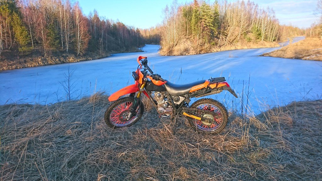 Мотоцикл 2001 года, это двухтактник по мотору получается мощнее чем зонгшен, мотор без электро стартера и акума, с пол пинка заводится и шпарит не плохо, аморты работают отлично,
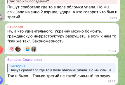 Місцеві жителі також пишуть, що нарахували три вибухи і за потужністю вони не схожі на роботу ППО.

* * * * *

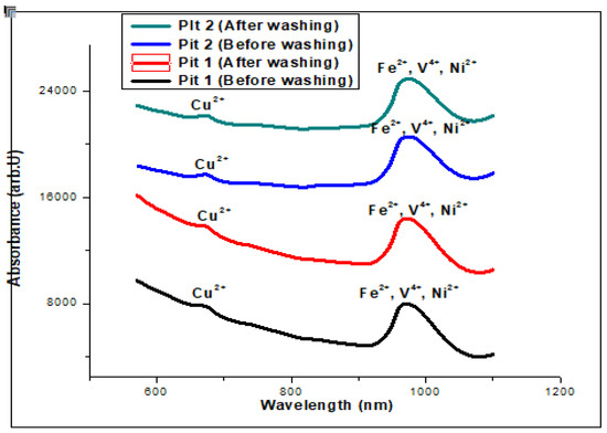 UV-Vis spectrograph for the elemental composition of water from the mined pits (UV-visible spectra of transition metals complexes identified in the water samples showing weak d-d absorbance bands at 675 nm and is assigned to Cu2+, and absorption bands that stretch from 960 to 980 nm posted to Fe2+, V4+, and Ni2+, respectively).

* * * * *

**WORK REQUIRED**. Leaving every picture aside, reproduce exactly the lines above from the one with "Мотоцикл 2001 года, это" up to and including the one with "Місцеві жителі також", and no others.

**SOLUTION FOR THIS PROBLEM**.
 Мотоцикл 2001 года, это двухтактник по мотору получается мощнее чем зонгшен, мотор без электро стартера и акума, с пол пинка заводится и шпарит не плохо, аморты работают отлично,
 Місцеві жителі також пишуть, що нарахували три вибухи і за потужністю вони не схожі на роботу ППО.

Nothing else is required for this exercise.